Pilgrimage.
Most of the world’s great religious traditions share many spiritual practices, and one of the most important and shared is the practice and experience of pilgrimage. A pilgrimage is a spiritual journey, usually quite long and not too easy, undertaken for the purpose of traveling to a sacred place, as a search for deeper union and communion with the Mystery that most of us call God.
As a lay Christian and later clergyman, I have had the happy privilege of taking many different trips and retreats to places that my own religious tradition considers holy places of pilgrimage… Rome, Assisi, Jerusalem, Nazareth and Bethlehem, to name just a few. These places have had a profound effect on my spiritual life by helping me know and understand more deeply how Divinity lives, moves and has the Being of God in each of us and in all of us, as experienced by countless people throughout the centuries in these incredible places of faith and spirituality. They are a connection to the past and a promise to future generations of people who seek union and communion with the One who is the very source and goal of our being.
Is the OT a pilgrimage?
Well, I guess that depends on who you ask. HYOH and all that. For some people maybe not so much, but for most of us I would guess a big, resounding “YES” to the possibility of seeing TA that way and for that purpose. The numbers seem to show that most of us undertake a LASH, section, or straight walk specifically during times in our lives that could be considered thresholds, turning points, or transition times.

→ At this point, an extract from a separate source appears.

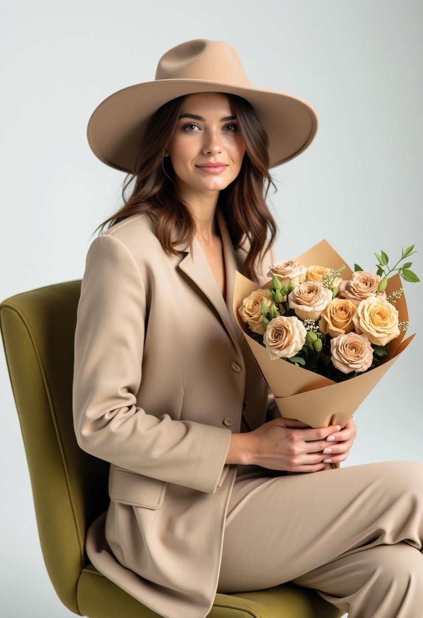 Девушка позирует на стуле с мягкой оливково-зеленой обивкой в фотостудии. Фон чисто белый. На ней бежевый оверсайз пиджак, фетровая широкополая шляпа в тон пиджака. В руках большой букет из разных цветов бежевых оттенков, обернутый в бежевую бумагу. Крупный план, фото сбоку

These include the majority of younger people who have just finished their education and have not yet embarked on their professional careers and family life (they ask themselves: «Who am I?»), as well as older people who have just finished their professional careers and are in the process of transitioning to deeper, calmer times and challenges of later life (they ask themselves: «Who am I now that I am no longer a nurse, lawyer, firefighter, pilot, waitress, etc.»). And of course, there are many people in between, including those who are between jobs, marriages, homes, relationships, etc. Many of us are “in the middle” and wondering about the meaning of life and, frankly, the meaning of US, of ME, of my own existence during this admittedly brief time and space of a human life.

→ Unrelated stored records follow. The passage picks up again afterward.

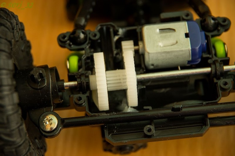 В таком состоянии машинка была испытана: к рулевому претензий не было — пропорциональное управление действовало, к управлению ходовым двигателем, собственно, тоже — газу, и она поехала, переключил тумблер — и вот она уже в другую сторону едет.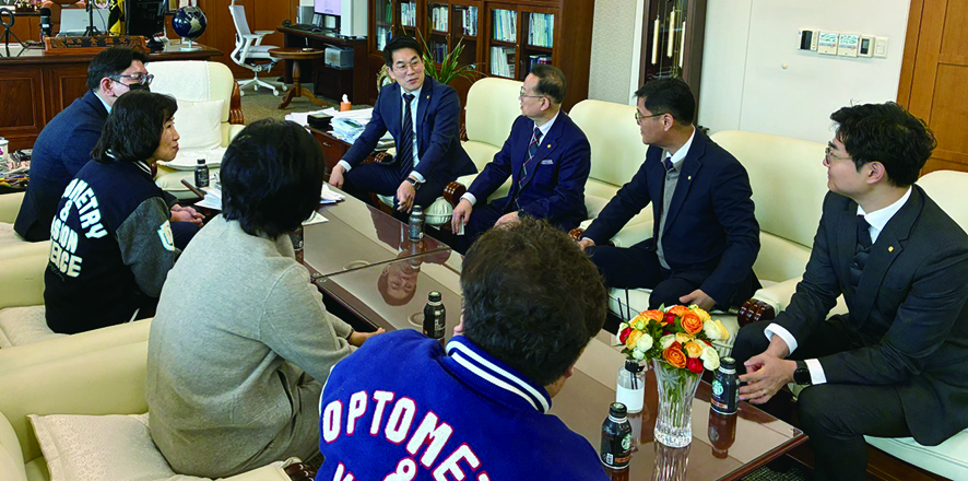 특강 후에는 동남보건대학교 김종완 총장 및 학교 관계자들과 면담이 진행됐다. 이 자리에서 허 협회장은 안경사 전문성 강화 및 국내 안보건 환경 향상을 위해 안경광학과 4년제 학제 일원화 필요성을 강조하고, 안경광학과 발전과 학생들 역량 강화를 위해 대학 차원의 적극적인 지원과 관심을 당부했다. 이에 김종완 총장은 허 협회장 의견에 지지를 표명하며 적극적으로 지원하겠다고 화답했다.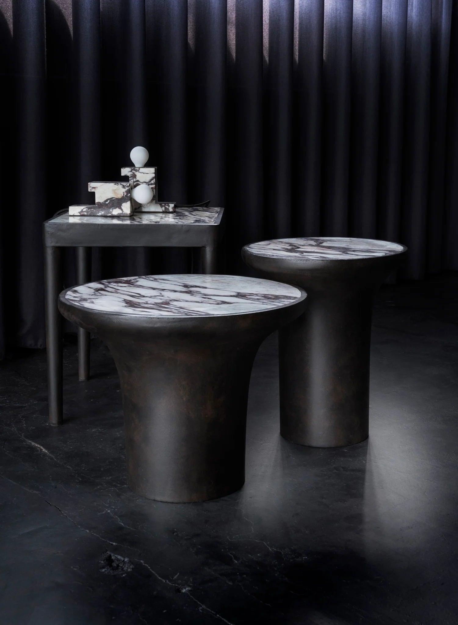 Tables They come in two versions, one with Calacatta tiles and the second version made of three types of exquisite marble, all tiles are mounted in the frame of the fibrous concrete table. Each table is unique due to the natural differences in the color and pattern of each marble.

So where exactly are we going?
If pilgrimage is a spiritual journey to a sacred place, where exactly do we go when we walk the path? What is the destination of the pilgrimage? Katadin? Sure. Jumper? OK. Anywhere to walk with flip flops or sections in the middle? Maybe.

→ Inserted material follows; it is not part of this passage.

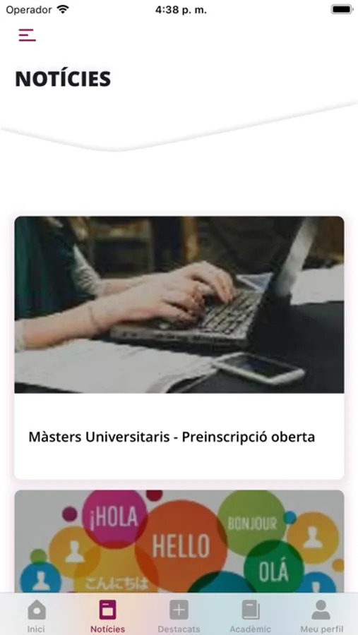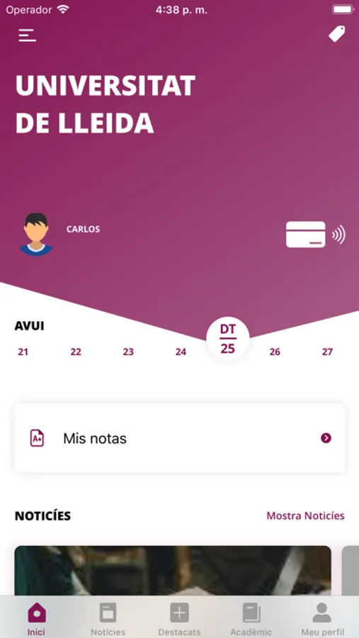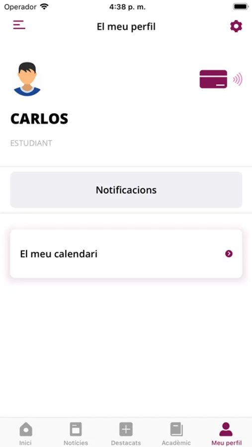 • Perfil privado: Todos tus datos personalizados según tu perfil universitario. Consulta tus asignaturas, calificaciones, etc. Y también tu tarjeta universitaria digital. ¡Siempre la llevarás contigo!

But, really, where are we going in the spiritual sense of things? Because destiny is just an excuse. Katahdin, Springer, somewhere in between… any PLACE of destination is just an excuse for the hike. For the trip. For the trip. On the endless, long and winding road/path we walk together.
The true destination of a spiritual pilgrimage is WITHIN. It is the “place,” which is actually not a place at all, where eternity dwells deeply within each and every one of us. The home of God. The abode of the Spirit. The Mystery that most of us call God that lives in each and every one of us. The radiant and sacred Presence that shines in everyone and everything in creation.
AT offers us a beautiful and unique opportunity to fully immerse ourselves in what normally hides beneath the layers of our overly busy, chaotic, and stress-filled lives. The path has a way of stripping everything away, of peeling back the layers of things that we think are important but don’t really count for much in the long run.
WE are the destiny. Our true self, the Holy Mystery that dwells at the very center of our being, is the source and goal of this blue and green, starlit, rain-soaked, blood, sweat and tears journey. And we are all guaranteed arrival…whether we reach the end of the road or not. Well, good way!